Zaid Al-Ali, Senior Adviser on Constitution Building for International IDEA, based in Cairo

 

“The new constitution offers better human rights protections than the 2012 version forced through by the then president, Morsi. Yet it also continues a pattern of leaving much up to the vagaries of implementing legislation. And that legislation may be written―and implemented―in an atmosphere of government and public indifference, even hostility, to human rights concerns.”

Nathan J. Brown, Michele Dunne, Carnegie Endowment for International Peace

 

“All I can see regarding social justice in the 2013 constitution is text with no assurance. They didn’t limit the rights of businessmen who are monopolizing a certain business, and they didn’t give actual rights to small business owners. They didn’t assure shelter and food for those who are not capable. Simply no change will be forced regarding those aspects when it comes to the Social Justice articles.”

Tharwat Badawi, Constitutional Expert and Professor of Law at Cairo University

 

“This is a game that the founders of the constitution do not understand. What is the point of raising the minimum wage, when all the prices are also going up? There should be a rule that makes the wage increase as long as the prices are increasing.
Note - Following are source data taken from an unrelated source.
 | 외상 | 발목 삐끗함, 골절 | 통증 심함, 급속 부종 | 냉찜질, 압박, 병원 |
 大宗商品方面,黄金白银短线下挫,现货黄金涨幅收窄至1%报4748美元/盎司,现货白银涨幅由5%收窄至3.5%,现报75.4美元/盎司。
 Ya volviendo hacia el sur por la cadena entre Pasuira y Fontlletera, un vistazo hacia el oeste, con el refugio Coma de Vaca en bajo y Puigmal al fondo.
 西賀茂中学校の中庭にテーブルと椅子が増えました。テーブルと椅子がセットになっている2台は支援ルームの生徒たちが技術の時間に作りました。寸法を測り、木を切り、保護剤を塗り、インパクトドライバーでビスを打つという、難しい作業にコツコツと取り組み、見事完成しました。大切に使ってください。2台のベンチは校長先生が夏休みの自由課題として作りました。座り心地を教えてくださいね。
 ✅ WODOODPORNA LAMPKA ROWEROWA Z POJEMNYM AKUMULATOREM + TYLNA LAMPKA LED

In the 1971 constitution, it said that the wages are variable to the prices, and that is the way things should be done these days.”
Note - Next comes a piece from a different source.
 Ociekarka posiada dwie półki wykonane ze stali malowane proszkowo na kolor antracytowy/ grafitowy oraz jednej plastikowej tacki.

Samira Ibrahim, Founder of E’raafiHkooqeq Awareness Movement

 

“There are new articles that are acceptable, but they are very broad and they do not specify what exactly their rights are. All that is mentioned are a few words that inform the public that the government is well aware of their existence, but no actual promises of change.”

Tharwat Badawi, Constitutional Expert and Professor of Law at Cairo University

 

“Just like the women’s rights article, they are also limited. They do not assure real rights to those who are less fortunate”

Samira Ibrahim, Founder of E’raafiHkooqeq Awareness Movement

 

“We cannot actually pinpoint any real differences between the three constitutions when it comes to women rights, but I do not really care about what the constitution has to say about this. What I know is that religions give rights to women better than any other manmade book.”

Tharwat Badawi, Constitutional Expert and Professor of Law at Cairo University

 

“It has always been that the governments take advantage of women – in the 2012 and 1971 constitutions — but to my surprise women’s rights in this constitution are limited to an unacceptable extent. I would go as far as saying that there are no rights assured to women in this constitution.”

Samira Ibrahim, Founder of E’raafiHkooqeq Awareness Movement

 

On Freedom of Religion

“It always has been in Egypt that everyone has the right to worship his God the way they want to, what the constitution did is that they enforced this by telling us everything that we already know and lived by. The difference between the three constitutions are not in the meaning of the articles, but just in the text, for that they all do have the same meaning in the end.”

Tharwat Badawi, Constitutional Expert and Professor of Law at Cairo University.